満足度★★★★
鑑賞日2020/09/28 (月) 18:30
座席1階
演出の斎藤理恵子さんがパンフレットで書いているように、ここに登場する男も女もとんでもない奴らばかりなのだ。青鞜社をつくった平塚らいてうとその周囲の女たちの物語だ。大杉栄などは自分勝手な女たらしもいいところで、今の時代なら絶対に糾弾されている人生だった。そういう意味では、時代に抱かれて自由に生きられた男女であった。
でも、さすがに「とんでもない奴ら」と切り捨てた女性演出家だけあって、伊藤野枝に厳しいところが随所に出てきて興味深い。自分の印象では野枝はバリバリ働いて自由奔放好き勝手に時代に背いている女性、という感じなのだが、この演出家はまるで時代劇に出てくる力なき女のように、よよと泣かせる場面をつくったのだ。

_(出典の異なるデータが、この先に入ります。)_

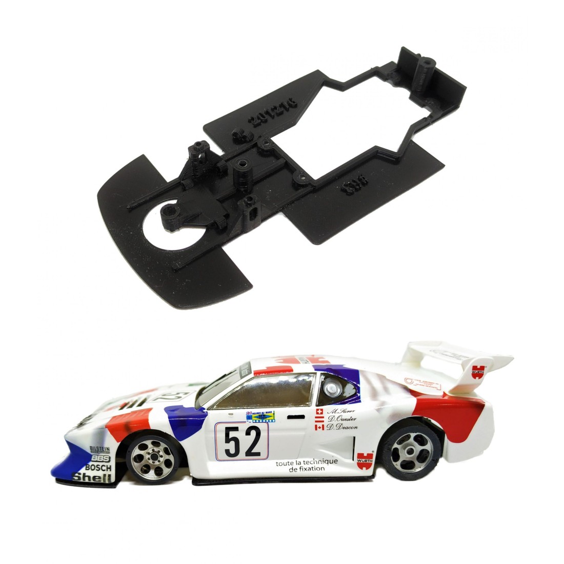 Chasis 3D para BMW M1 Gr.5 de Scaleauto con bancada independiente en angle winder, side winder o en línea. Para este modelo hay dos tipos de carrocerías: con tetones cortos y tetones largos. Esta referencia sería para la carrocería de tetones cortos. La carrocería de tetones cortos va con el chasis en side winder. La carrocería de tetones largos va con el chasis en angle winder. Compatible con soporte motor tipo Slot.It y con guías de 3,5 mm de diámetro. Eje delantero regulable en altura. Con pasacables.

群像劇だから例えば島村抱月とか松井須磨子とか荒畑寒村とか、それぞれの場面を描いている。だがやっぱり、もっと野枝に絞って展開したほうが面白かった気がする。いっそのこと伊藤野枝物語にして、史実にはでてこないような野枝の素顔を膨らませて客席を楽しませるという切り口はあるかな、と思った。